Top of RECORDED DATA
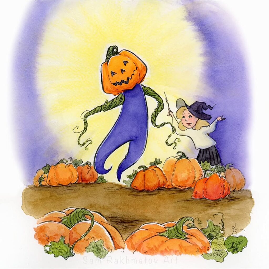 A cute witch brings a pumpkin scarecrow to life under bright yellow light. The fun and playful scene feels full of fall magic and imagination.
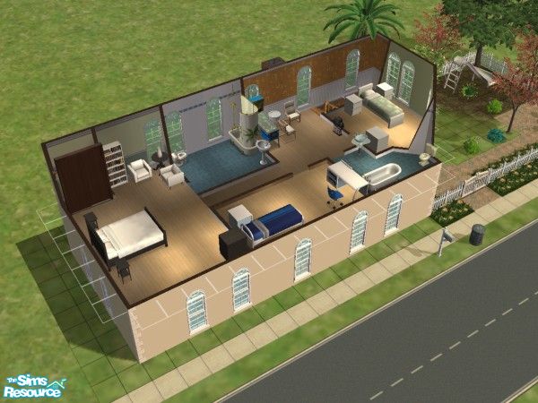 This is a neat house modeled after something from the Midwest. It is quite simple looking on the outside with a nice garden and slide for the little sims. It is also very spacious inside with three large bedrooms and 3 baths and a small gameroom. This is the perfect house for a small family.
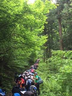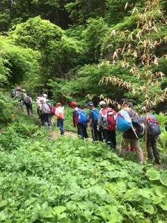 山もだんだん深くなり、緑も濃くなってきました。山頂までの道標を見つけると、子供たちは「おしっ!」と気合いを入れていました。
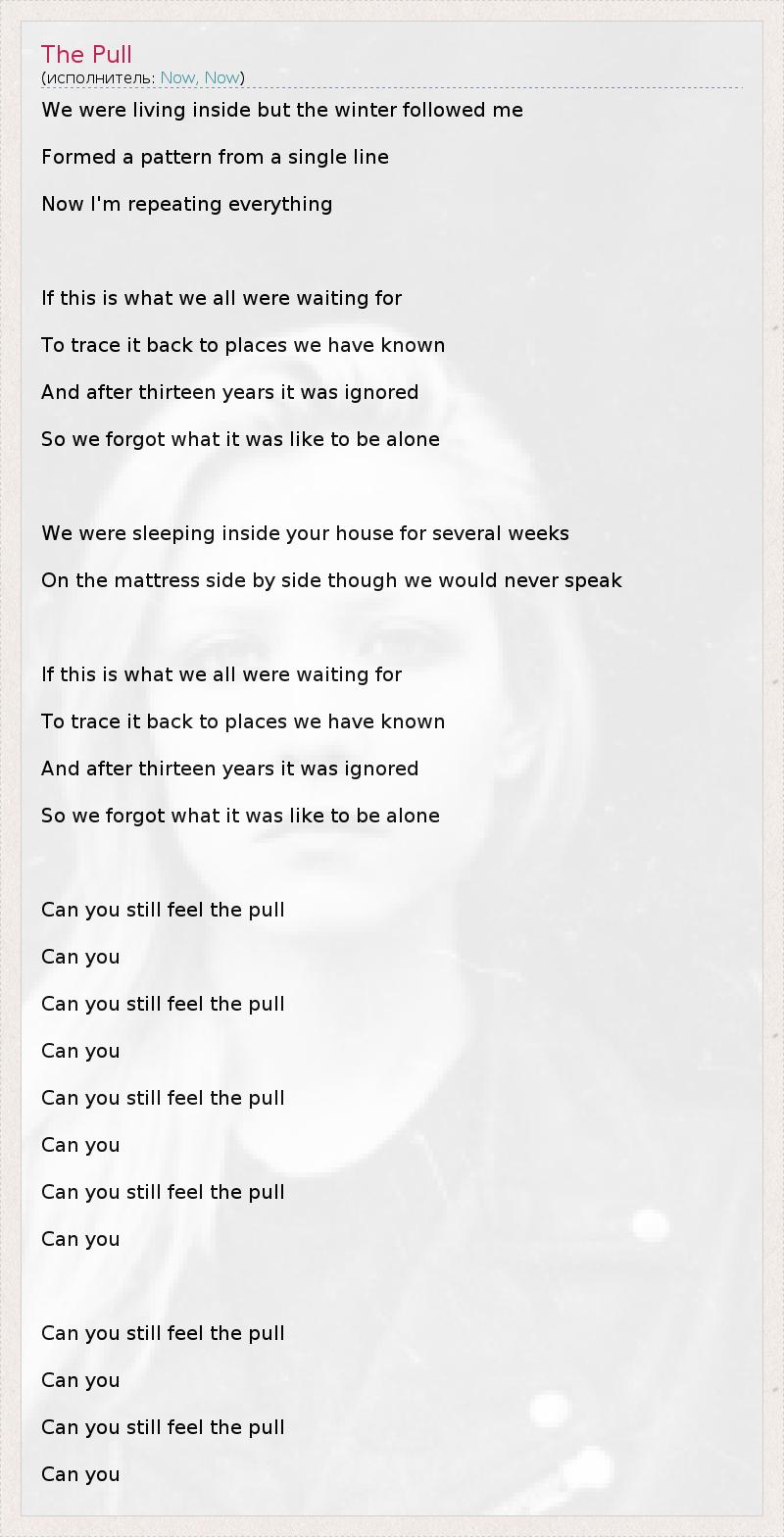 We were living inside but the winter followed me Formed a pattern from a single line Now I'm repeating everything If this is what we all were waiting for To trace it back to places we have known And after thirteen years it was ignored So we forgot what it was like to be alone We were sleeping inside your house for several weeks On the mattress side by side though we would never speak If this is what we all were waiting for To trace it back to places we have known And after thirteen years it was ignored So we forgot what it was like to be alone Can you still feel the pull Can you Can you still feel the pull Can you Can you still feel the pull Can you Can you still feel the pull Can you Can you still feel the pull Can you Can you still feel the pull Can you
Bottom of RECORDED DATA
All that is wanted is each line, word for word, from the first line of the data to the one holding "山もだんだん深くなり、緑も濃", with the pictures left out.

 A cute witch brings a pumpkin scarecrow to life under bright yellow light. The fun and playful scene feels full of fall magic and imagination.
 This is a neat house modeled after something from the Midwest. It is quite simple looking on the outside with a nice garden and slide for the little sims. It is also very spacious inside with three large bedrooms and 3 baths and a small gameroom. This is the perfect house for a small family.
 山もだんだん深くなり、緑も濃くなってきました。山頂までの道標を見つけると、子供たちは「おしっ!」と気合いを入れていました。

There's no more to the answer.